*Available data*
----
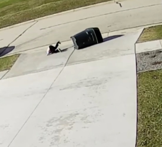 자신의 몸집보다 큰 대형 쓰레기통을 밀고 가던 소년, 세찬 강풍이 불면서 쓰레기통 뚜껑에 머리를 강타당합니다.
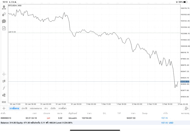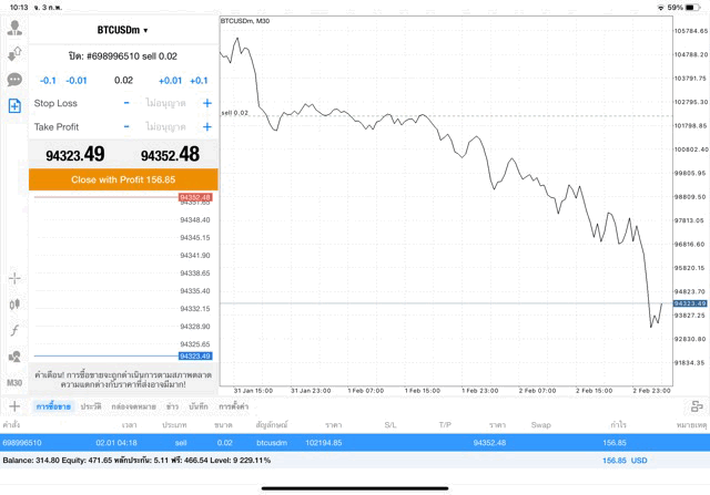 ได้กำไร +157.15$ เปิดการเทรดไว้ต่อ หรือ ปิดการเทรดครั้งนี้เลย ได้เงินกำไรเข้าบัญชีเทรด ถ้ายังไม่ปิด ราคาเปลี่ยนแปลง ผลการลงทุนยังเปลี่ยนแปลง เช่น กำไรลดลง หรือ อาจเพิ่มขึ้น หรือ กลับไปติดลบ
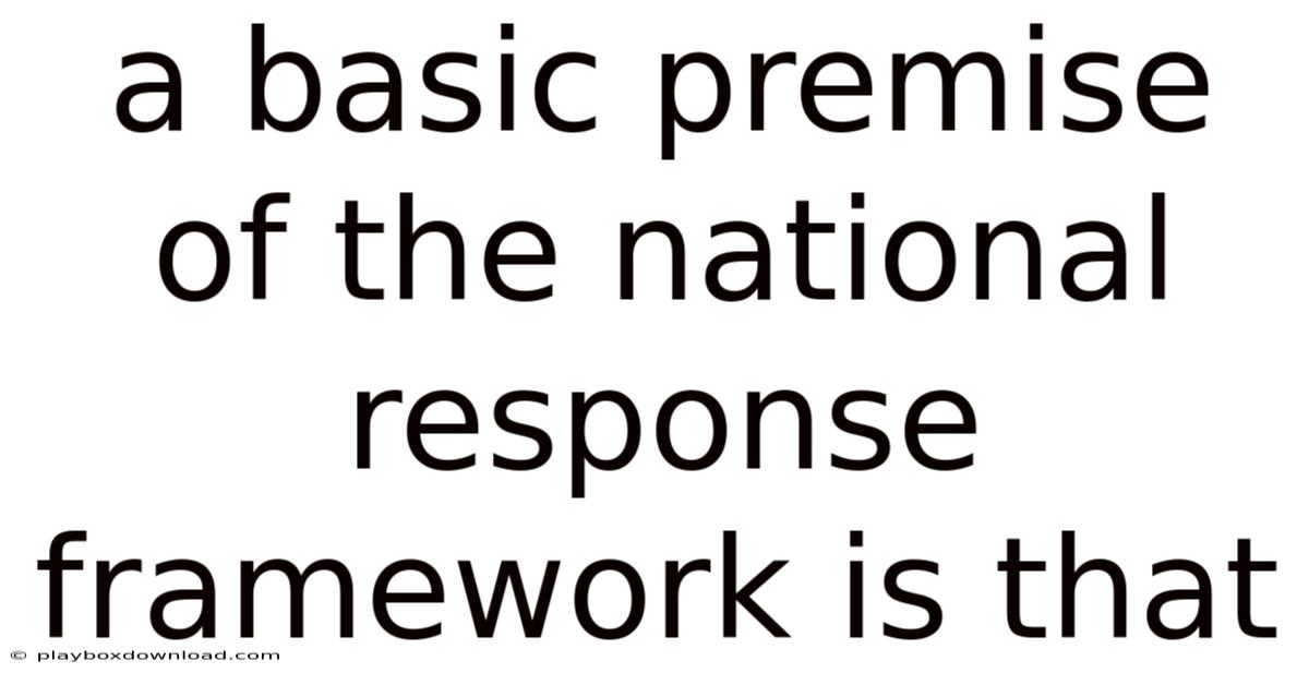 A Basic Premise of the NationalResponse Framework Is That Effective Emergency Response Depends on a Scalable, Flexible, and Adaptable Approach That Unites All Partners
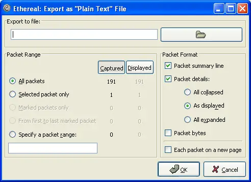 5.6.4. The "Export as C Arrays (packet bytes) file" dialog box
----
*Exercise description*
Every line from the one with "ได้กำไร +157.15$ เปิดการเทรดไว้ต่อ" through the end of the material above should be restated word for word, with the pictures left out.

*Answer for the task*
 ได้กำไร +157.15$ เปิดการเทรดไว้ต่อ หรือ ปิดการเทรดครั้งนี้เลย ได้เงินกำไรเข้าบัญชีเทรด ถ้ายังไม่ปิด ราคาเปลี่ยนแปลง ผลการลงทุนยังเปลี่ยนแปลง เช่น กำไรลดลง หรือ อาจเพิ่มขึ้น หรือ กลับไปติดลบ
 A Basic Premise of the NationalResponse Framework Is That Effective Emergency Response Depends on a Scalable, Flexible, and Adaptable Approach That Unites All Partners
 5.6.4. The "Export as C Arrays (packet bytes) file" dialog box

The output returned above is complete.